Sensibilisation - 12 décembre 2021
La mobilisation la plus large est le seul levier viable et pérenne pour contrer les cyberattaques
Photo de Jason Goodman sur Unsplash
Notre vision collective de la cyber, autant chez les non-spécialistes que chez les experts et les dirigeants, est à réexaminer en profondeur. Pour maximiser l'efficacité de nos interventions individuelles et notre protection collective. Car l'écosystème des attaquants évolue beaucoup plus vite que celui des défenseurs.
L'efficacité collective des attaquants est redoutable. L’écosystème s’industrialise. Sur leurs enjeux cyber, les cybercriminels pensent “client” beaucoup plus efficacement que les défenseurs. Et détournent les outils marketing usuels (publicité en ligne, plateformes d’e-mailing, landing pages, partage de fichiers, services du cloud…). Les cybercriminels et cyber espions collaborent, échangent des outils, partagent leur R&D. Ils coopèrent avec les mafias criminelles classiques. Comme le font certains États. Quand nous, défenseurs, sommes aux balbutiements. Et nous restons dispersés, malgré les initiatives d’ampleur comme le Campus Cyber, qui va dans le bon sens de constituer cette “équipe de France” cyber, dans une logique de structuration du marché. Ou encore, dans l’Union Européenne, la directive NIS2, le Cybersecurity Act et l’arrivée de la labellisation cyber.
Ne cherchons plus à sensibiliser : cela ne fonctionne pas. Dans notre étude menée avec Harris Interactive, publiée en 2020, 80% des salariés d'entreprises françaises de plus de 50 collaborateurs (échantillon représentatif de 648 salariés) disent appliquer les bonnes pratiques de cybersécurité. Simultanément, ils sont tout aussi nombreux à déclarer des usages inadaptés. Pour ne prendre qu’un seul exemple, ils sont 78% à utiliser des mots de passe identiques pour plusieurs plateformes. À quoi bon ajouter une couche de sensibilisation ? Faut-il l’ajouter au marteau ? Ou à coup de tests de phishing ?
Dès à présent, nous devons mobiliser le plus largement. La mobilisation appelle les volontaires. Parions sur notre intelligence collective, en la nourrissant d’informations cyber de qualité. Et d’expériences engageantes. Au quotidien, mesurons l'efficacité de cette mobilisation. Cette mobilisation est démontrée par une démarche soutenue par la science.

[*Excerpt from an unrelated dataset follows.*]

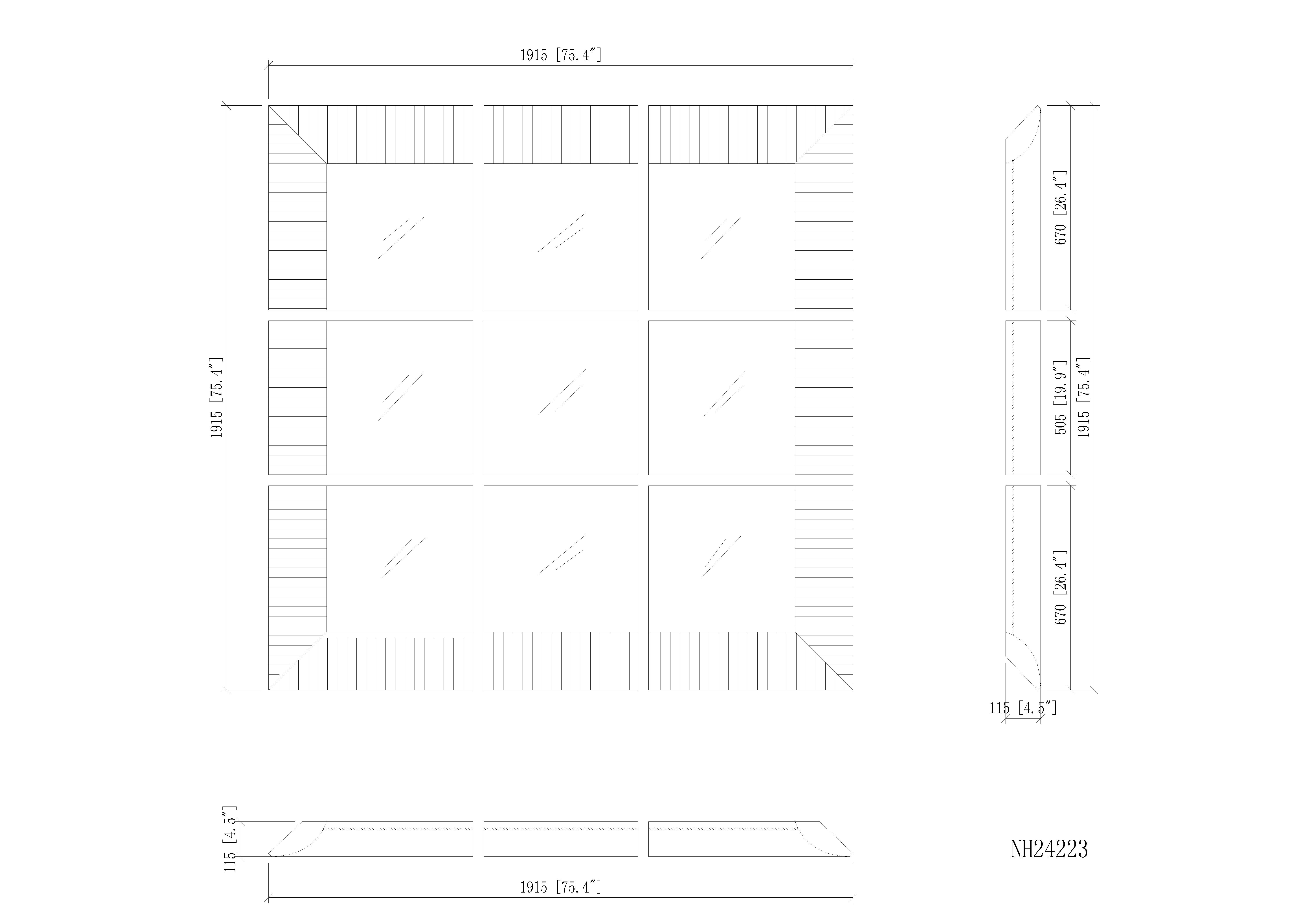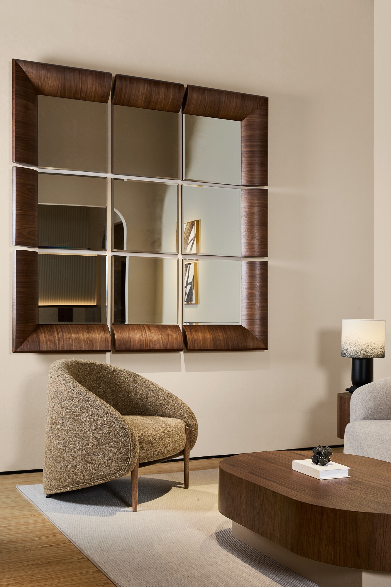 This striking modular wall mirror from Notting Hill redefines decorative wall art, merging natural wood warmth with geometric precision to elevate interior spaces. Crafted from premium black walnut wood for the frame and high-clarity float glass for the mirrors, it features a seamless modular grid design—available in 3×3 or 4×4 configurations—with each square mirror encased in a sculptural, curved walnut border that creates a three-dimensional, relief-like effect.

En creux, Guillaume Poupard, le DG de l’ANSSI, sur LinkedIn, lie clairement l’efficacité de la cybersécurité aux aspects humains : “𝐂𝐲𝐛𝐞𝐫𝐬𝐞́𝐜𝐮𝐫𝐢𝐭𝐞́ : Malgré tous nos efforts d’anticipation, de sensibilisation, de prévention, de détection, de réponse à incident, de défense... il demeure primordial que chacun se protège à son niveau face aux menaces numériques en appliquant les gestes barrières numériques”.

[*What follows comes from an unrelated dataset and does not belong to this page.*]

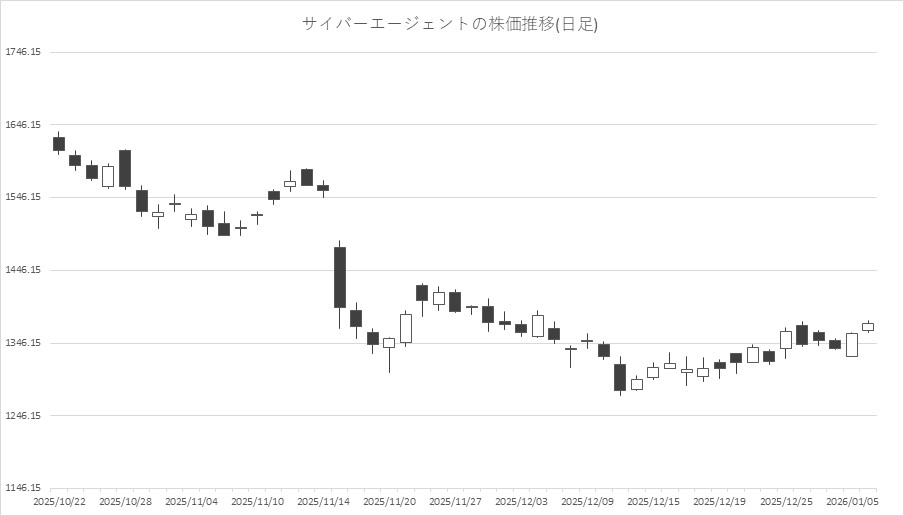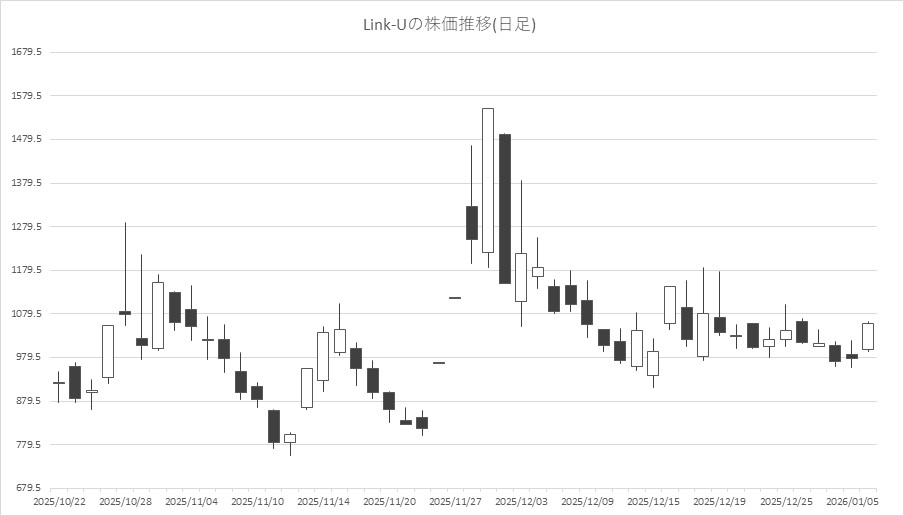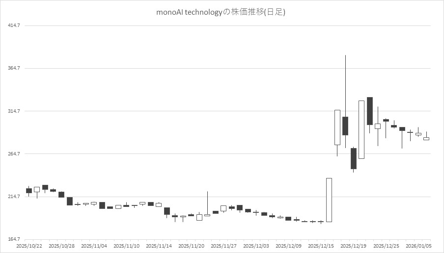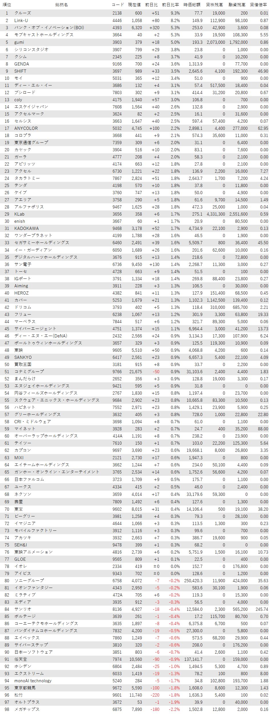 最後に騰落ランキングを見ると、クルーズ<2138>やLink-U<4446>、バンク・オブ・イノベーション(BOI)<4393>、モブキャストHD<3664>、gumi<3903>が値上がり率上位となり、メガチップス<6875>、オルトプラス<3672>、松竹<9601>、東京都競馬<9672>、monoAI technology<5240>が値下がり率上位となった。

Cette idée de gestes barrières numériques, si leur mise en application est clé, rappellent pour beaucoup l’analogie du “firewall humain”. Pourtant, cette analogie correspond difficilement à la réalité sociologique, qui n’est pas binaire, et aux besoins fondamentaux de chacun. Heureusement, ces besoins ne se limitent pas aux travaux de Maslow (1943).

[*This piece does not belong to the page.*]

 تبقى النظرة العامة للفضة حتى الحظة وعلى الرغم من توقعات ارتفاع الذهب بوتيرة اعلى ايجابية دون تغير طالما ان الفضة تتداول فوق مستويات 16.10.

Il est déjà tard pour bien faire. Par bien des aspects, trop tard. Car nous accumulons un retard, collectif, conséquent. Aujourd’hui encore, sont mis sur le marché des produits, parfois même des dispositifs médicaux, qui comportent des familles de failles pourtant connues depuis plus de 20 ans. C’est une faillite collective.
Mais sans une véritable révolution du domaine, ce sera pire demain : smart cities avec reconnaissance faciale et gestion des services publics de proximité, exosquelettes, cobots en usine, voire robots “chien” ou humanoïdes de Boston Dynamics auxiliaires de police, au bureau ou en restauration collective, etc. Dans plusieurs secteurs, ce numérique bien physique est déjà une réalité quotidienne, notamment au travers de drones de surveillance.
Ensemble, avec tous ceux qui se sentent concernés par cet enjeu majeur de notre monde, nous ne devons pas subir une telle transformation digitale. Menons cette révolution collective, celle d’une sécurité digitale en même temps plus efficace et plus éthique, au service de l’humain.